East Jerusalem: Immediately after the 1967 War Israel annexed what had been the Jordanian municipality of East Jerusalem as well as much of the surrounding area, and combined this greater East Jerusalem with Israeli West Jerusalem to form the newly expanded municipality of Jerusalem. The international community, including the United States, does not recognize Israel's annexation of this part of the West Bank, nor do they officially recognize Jerusalem as Israel's capital (embassies are located in Tel Aviv). East Jerusalem today consists of all areas within the Israeli-designated municipality of Jerusalem that are located east of the Green Line. This annexed area includes a number of Palestinian villages and two refugee camps, as well as a disused airstrip. Israel has invested huge sums in establishing large Jewish-Israeli neighborhoods - also called settlements - in East Jerusalem. As a result, while there were no Jews living in those areas in 1967, as of 2008 the annexed area was home to 253,395 Palestinians and 179,000 Jews; overall, as of 2008, the expanded municipality of Jerusalem was home to 253,395 Palestinians and 465,000 Jews (footnote with link to Peace Now Jerusalem map). East Jerusalem was not included in Netanyahu's 2009 settlement "moratorium." East Jerusalem and the adjacent West Bank "settlement blocs" of Givat Zeev (extending to the edges of the Palestinian city of Ramallah) and Maale Adumim (extending almost halfway to Jericho) are all on the west side of the Israel's barrier in what is sometimes referred to as the "Jerusalem envelope." This means that Palestinian East Jerusalem is separated and to an increasing degree sealed off from the rest of the West Bank.

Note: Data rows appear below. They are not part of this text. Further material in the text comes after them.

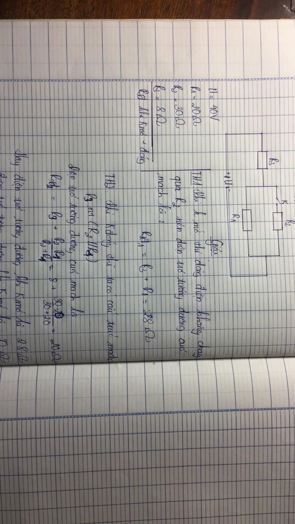 $\\$ `R_(tđ1) = R_1 + R_3 = 20 + 8 = 28(Omega)`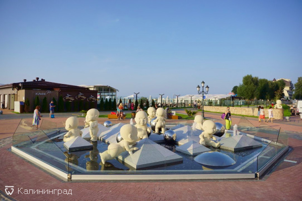 Зеленоградске в августе 2023 года. Работа выполнена по заказу застройщика на территории жилого комплекса по ул. Гагарина. Официальное открытие и запуск фонтана, который является доминантой небольшого парка этих арт-объектов, состоялось в день города – 2 сентября.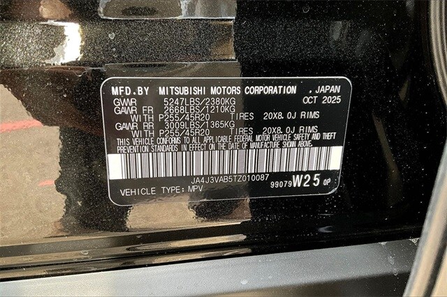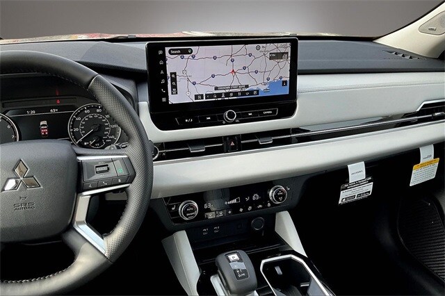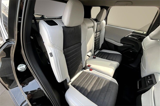 3rd row seats: split-bench, 4-Wheel Disc Brakes, 8 Speakers, ABS brakes, Air Conditioning, Alloy wheels, AM/FM radio: SiriusXM, Android Auto & Apple CarPlay, Auto High-beam Headlights, Auto-dimming Rear-View mirror, Automatic temperature control, Brake assist, Bumpers: body-color, Compass, Delay-off headlights, Driver door bin, Driver vanity mirror, Dual front impact airbags, Dual front side impact airbags, Electronic Stability Control, Emergency communication system: Mitsubishi Connect w/ 24-month trial, Exterior Parking Camera Rear, Four wheel independent suspension, Front anti-roll bar, Front Bucket Seats, Front Center Armrest w/Storage, Front dual zone A/C, Front fog lights, Front reading lights, Fully automatic headlights, Garage door transmitter: HomeLink, Heated door mirrors, Heated Front Bucket Seats, Heated front seats, Illuminated entry, Knee airbag, Leather Shift Knob, Leather steering wheel, Low tire pressure warning, Navigation System, Occupant sensing airbag, Outside temperature display, Overhead airbag, Overhead console, Panic alarm, Passenger door bin, Passenger vanity mirror, Power door mirrors, Power driver seat, Power Liftgate, Power steering, Power windows, Radio data system, Radio: AM/FM 12.3" Navigation with Smartphone-Link, Rain sensing wipers, Rear anti-roll bar, Rear seat center armrest, Rear side impact airbag, Rear window defroster, Rear window wiper, Reclining 3rd row seat, Remote keyless entry, Security system, Speed control, Speed-Sensitive Wipers, Split folding rear seat, Spoiler, Steering wheel mounted audio controls, Synthetic Leather Seating Surfaces, Tachometer, Telescoping steering wheel, Tilt steering wheel, Traction control, Trip computer, Turn signal indicator mirrors, Variably intermittent wipers, and Wheels: 20" Two-Tone Alloy.

Settlement blocs: "Settlement blocs" refer to areas in the West Bank where clusters of settlements have been established in relatively close proximity to one another, and which are home to the majority of settlers. In the current political context, the term "settlement bloc" has become a code name for those areas that according to the Israeli national "consensus" should become part of Israel under any future peace agreement. These "blocs" have no legal definition or standing, either under Israeli or international law, and Israel has always left the size and borders of the blocs undefined, allowing their informal borders to grow year after year, as construction has systematically thickened the blocs and expanded them to include settlements and land located at a greater distance from their centers. At present, the best indication of Israel's definition of the blocs is the route of the security barrier. The barrier defines three blocs around Jerusalem (the Ma'ale Adumim bloc, the Giv'at Ze'ev bloc, and the Etzion bloc), as well as the Modi'in Illit bloc further northwest of Jerusalem. In addition, "fingers" in the route of the barrier delineate the Ariel bloc and the Karnei Shomron bloc.

Settler violence: Violence between Israeli settlers and Palestinians increased during the Al-Aqsa Intifada. From 2000 to 2004, 34 Palestinians were killed by Israeli civilians in supposed retaliation against attacks by Palestinian terrorist organizations. The violence continues today as extremist Israeli civilians, generally associated with the settlements, target both Palestinians and Israelis as part of the "price tag" strategy to deter any Israeli government actions against settlements and outposts.

The Golan Heights: Conquered by Israel from Syria in 1967, this mountainous territory is the focus of efforts to achieve Israeli-Syrian peace. Israel has annexed the territory, though the international community still considers it to be Syrian territory occupied by Israel.